- What you need to do -
Repeat every entry in full. Match each line exactly.

- Source data -
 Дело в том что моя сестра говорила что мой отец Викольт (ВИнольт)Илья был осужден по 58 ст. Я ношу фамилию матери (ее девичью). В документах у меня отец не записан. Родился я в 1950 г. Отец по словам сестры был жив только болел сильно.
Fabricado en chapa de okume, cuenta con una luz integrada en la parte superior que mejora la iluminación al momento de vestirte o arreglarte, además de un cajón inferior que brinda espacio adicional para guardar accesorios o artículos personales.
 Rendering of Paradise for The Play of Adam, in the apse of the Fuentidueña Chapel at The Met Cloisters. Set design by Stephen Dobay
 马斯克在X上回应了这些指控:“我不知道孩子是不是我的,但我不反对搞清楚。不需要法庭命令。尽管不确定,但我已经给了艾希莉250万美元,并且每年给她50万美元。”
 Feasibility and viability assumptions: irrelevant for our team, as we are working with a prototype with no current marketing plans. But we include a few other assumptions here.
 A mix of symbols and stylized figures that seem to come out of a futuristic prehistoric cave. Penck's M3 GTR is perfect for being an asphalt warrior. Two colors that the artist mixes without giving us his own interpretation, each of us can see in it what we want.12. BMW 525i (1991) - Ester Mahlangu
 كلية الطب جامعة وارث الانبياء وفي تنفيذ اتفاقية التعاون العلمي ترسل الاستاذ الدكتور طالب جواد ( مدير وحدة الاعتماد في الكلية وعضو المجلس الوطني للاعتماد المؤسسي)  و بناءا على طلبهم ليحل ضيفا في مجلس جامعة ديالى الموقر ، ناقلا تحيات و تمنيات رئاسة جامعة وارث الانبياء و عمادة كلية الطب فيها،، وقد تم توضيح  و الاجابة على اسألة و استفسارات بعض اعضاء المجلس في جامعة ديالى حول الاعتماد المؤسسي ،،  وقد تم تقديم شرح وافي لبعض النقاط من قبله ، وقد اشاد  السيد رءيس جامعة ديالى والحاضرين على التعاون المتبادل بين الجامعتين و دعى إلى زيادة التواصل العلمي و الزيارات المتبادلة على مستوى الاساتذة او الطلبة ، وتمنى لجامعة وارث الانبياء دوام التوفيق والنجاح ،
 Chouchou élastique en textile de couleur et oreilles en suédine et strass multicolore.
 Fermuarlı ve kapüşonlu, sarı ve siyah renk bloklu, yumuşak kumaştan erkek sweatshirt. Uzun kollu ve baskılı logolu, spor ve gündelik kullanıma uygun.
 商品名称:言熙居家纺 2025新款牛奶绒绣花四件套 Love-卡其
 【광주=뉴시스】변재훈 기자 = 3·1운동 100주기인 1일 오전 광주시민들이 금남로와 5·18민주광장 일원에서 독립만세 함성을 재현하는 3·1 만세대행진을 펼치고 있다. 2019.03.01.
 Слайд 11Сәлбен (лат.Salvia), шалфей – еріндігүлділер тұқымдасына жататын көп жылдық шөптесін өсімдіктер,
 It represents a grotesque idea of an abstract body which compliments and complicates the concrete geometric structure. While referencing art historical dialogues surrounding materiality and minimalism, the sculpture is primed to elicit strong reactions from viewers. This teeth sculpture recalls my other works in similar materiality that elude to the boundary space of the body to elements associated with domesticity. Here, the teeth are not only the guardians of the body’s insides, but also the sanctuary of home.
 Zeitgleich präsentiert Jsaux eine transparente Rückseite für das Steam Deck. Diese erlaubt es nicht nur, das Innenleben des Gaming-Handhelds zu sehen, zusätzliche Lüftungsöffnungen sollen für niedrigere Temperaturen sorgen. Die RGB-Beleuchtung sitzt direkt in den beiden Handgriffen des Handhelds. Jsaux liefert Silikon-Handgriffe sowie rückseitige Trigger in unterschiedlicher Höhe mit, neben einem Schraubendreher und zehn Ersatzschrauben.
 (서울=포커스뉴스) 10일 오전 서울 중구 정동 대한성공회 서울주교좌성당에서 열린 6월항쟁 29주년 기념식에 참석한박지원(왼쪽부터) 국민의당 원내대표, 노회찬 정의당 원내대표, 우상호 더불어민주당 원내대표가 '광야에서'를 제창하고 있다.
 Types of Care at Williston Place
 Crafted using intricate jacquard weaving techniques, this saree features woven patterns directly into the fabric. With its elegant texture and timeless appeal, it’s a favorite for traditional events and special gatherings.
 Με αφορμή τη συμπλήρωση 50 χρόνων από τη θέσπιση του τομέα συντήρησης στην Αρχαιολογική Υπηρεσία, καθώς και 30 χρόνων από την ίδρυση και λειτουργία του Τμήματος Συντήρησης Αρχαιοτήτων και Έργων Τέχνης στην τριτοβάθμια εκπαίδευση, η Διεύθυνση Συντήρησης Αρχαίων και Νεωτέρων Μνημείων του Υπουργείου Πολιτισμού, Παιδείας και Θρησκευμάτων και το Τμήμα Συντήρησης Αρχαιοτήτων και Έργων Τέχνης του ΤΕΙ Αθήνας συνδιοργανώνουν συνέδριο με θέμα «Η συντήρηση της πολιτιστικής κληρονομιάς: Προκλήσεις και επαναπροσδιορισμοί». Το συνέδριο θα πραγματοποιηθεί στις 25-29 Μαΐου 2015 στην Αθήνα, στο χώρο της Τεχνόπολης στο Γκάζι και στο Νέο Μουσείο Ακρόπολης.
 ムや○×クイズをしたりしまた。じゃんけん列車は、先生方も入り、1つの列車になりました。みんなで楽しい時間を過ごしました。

- Answer space -
 Дело в том что моя сестра говорила что мой отец Викольт (ВИнольт)Илья был осужден по 58 ст. Я ношу фамилию матери (ее девичью). В документах у меня отец не записан. Родился я в 1950 г. Отец по словам сестры был жив только болел сильно.
Fabricado en chapa de okume, cuenta con una luz integrada en la parte superior que mejora la iluminación al momento de vestirte o arreglarte, además de un cajón inferior que brinda espacio adicional para guardar accesorios o artículos personales.
 Rendering of Paradise for The Play of Adam, in the apse of the Fuentidueña Chapel at The Met Cloisters. Set design by Stephen Dobay
 马斯克在X上回应了这些指控:“我不知道孩子是不是我的,但我不反对搞清楚。不需要法庭命令。尽管不确定,但我已经给了艾希莉250万美元,并且每年给她50万美元。”
 Feasibility and viability assumptions: irrelevant for our team, as we are working with a prototype with no current marketing plans. But we include a few other assumptions here.
 A mix of symbols and stylized figures that seem to come out of a futuristic prehistoric cave. Penck's M3 GTR is perfect for being an asphalt warrior. Two colors that the artist mixes without giving us his own interpretation, each of us can see in it what we want.12. BMW 525i (1991) - Ester Mahlangu
 كلية الطب جامعة وارث الانبياء وفي تنفيذ اتفاقية التعاون العلمي ترسل الاستاذ الدكتور طالب جواد ( مدير وحدة الاعتماد في الكلية وعضو المجلس الوطني للاعتماد المؤسسي)  و بناءا على طلبهم ليحل ضيفا في مجلس جامعة ديالى الموقر ، ناقلا تحيات و تمنيات رئاسة جامعة وارث الانبياء و عمادة كلية الطب فيها،، وقد تم توضيح  و الاجابة على اسألة و استفسارات بعض اعضاء المجلس في جامعة ديالى حول الاعتماد المؤسسي ،،  وقد تم تقديم شرح وافي لبعض النقاط من قبله ، وقد اشاد  السيد رءيس جامعة ديالى والحاضرين على التعاون المتبادل بين الجامعتين و دعى إلى زيادة التواصل العلمي و الزيارات المتبادلة على مستوى الاساتذة او الطلبة ، وتمنى لجامعة وارث الانبياء دوام التوفيق والنجاح ،
 Chouchou élastique en textile de couleur et oreilles en suédine et strass multicolore.
 Fermuarlı ve kapüşonlu, sarı ve siyah renk bloklu, yumuşak kumaştan erkek sweatshirt. Uzun kollu ve baskılı logolu, spor ve gündelik kullanıma uygun.
 商品名称:言熙居家纺 2025新款牛奶绒绣花四件套 Love-卡其
 【광주=뉴시스】변재훈 기자 = 3·1운동 100주기인 1일 오전 광주시민들이 금남로와 5·18민주광장 일원에서 독립만세 함성을 재현하는 3·1 만세대행진을 펼치고 있다. 2019.03.01.
 Слайд 11Сәлбен (лат.Salvia), шалфей – еріндігүлділер тұқымдасына жататын көп жылдық шөптесін өсімдіктер,
 It represents a grotesque idea of an abstract body which compliments and complicates the concrete geometric structure. While referencing art historical dialogues surrounding materiality and minimalism, the sculpture is primed to elicit strong reactions from viewers. This teeth sculpture recalls my other works in similar materiality that elude to the boundary space of the body to elements associated with domesticity. Here, the teeth are not only the guardians of the body’s insides, but also the sanctuary of home.
 Zeitgleich präsentiert Jsaux eine transparente Rückseite für das Steam Deck. Diese erlaubt es nicht nur, das Innenleben des Gaming-Handhelds zu sehen, zusätzliche Lüftungsöffnungen sollen für niedrigere Temperaturen sorgen. Die RGB-Beleuchtung sitzt direkt in den beiden Handgriffen des Handhelds. Jsaux liefert Silikon-Handgriffe sowie rückseitige Trigger in unterschiedlicher Höhe mit, neben einem Schraubendreher und zehn Ersatzschrauben.
 (서울=포커스뉴스) 10일 오전 서울 중구 정동 대한성공회 서울주교좌성당에서 열린 6월항쟁 29주년 기념식에 참석한박지원(왼쪽부터) 국민의당 원내대표, 노회찬 정의당 원내대표, 우상호 더불어민주당 원내대표가 '광야에서'를 제창하고 있다.
 Types of Care at Williston Place
 Crafted using intricate jacquard weaving techniques, this saree features woven patterns directly into the fabric. With its elegant texture and timeless appeal, it’s a favorite for traditional events and special gatherings.
 Με αφορμή τη συμπλήρωση 50 χρόνων από τη θέσπιση του τομέα συντήρησης στην Αρχαιολογική Υπηρεσία, καθώς και 30 χρόνων από την ίδρυση και λειτουργία του Τμήματος Συντήρησης Αρχαιοτήτων και Έργων Τέχνης στην τριτοβάθμια εκπαίδευση, η Διεύθυνση Συντήρησης Αρχαίων και Νεωτέρων Μνημείων του Υπουργείου Πολιτισμού, Παιδείας και Θρησκευμάτων και το Τμήμα Συντήρησης Αρχαιοτήτων και Έργων Τέχνης του ΤΕΙ Αθήνας συνδιοργανώνουν συνέδριο με θέμα «Η συντήρηση της πολιτιστικής κληρονομιάς: Προκλήσεις και επαναπροσδιορισμοί». Το συνέδριο θα πραγματοποιηθεί στις 25-29 Μαΐου 2015 στην Αθήνα, στο χώρο της Τεχνόπολης στο Γκάζι και στο Νέο Μουσείο Ακρόπολης.
 ムや○×クイズをしたりしまた。じゃんけん列車は、先生方も入り、1つの列車になりました。みんなで楽しい時間を過ごしました。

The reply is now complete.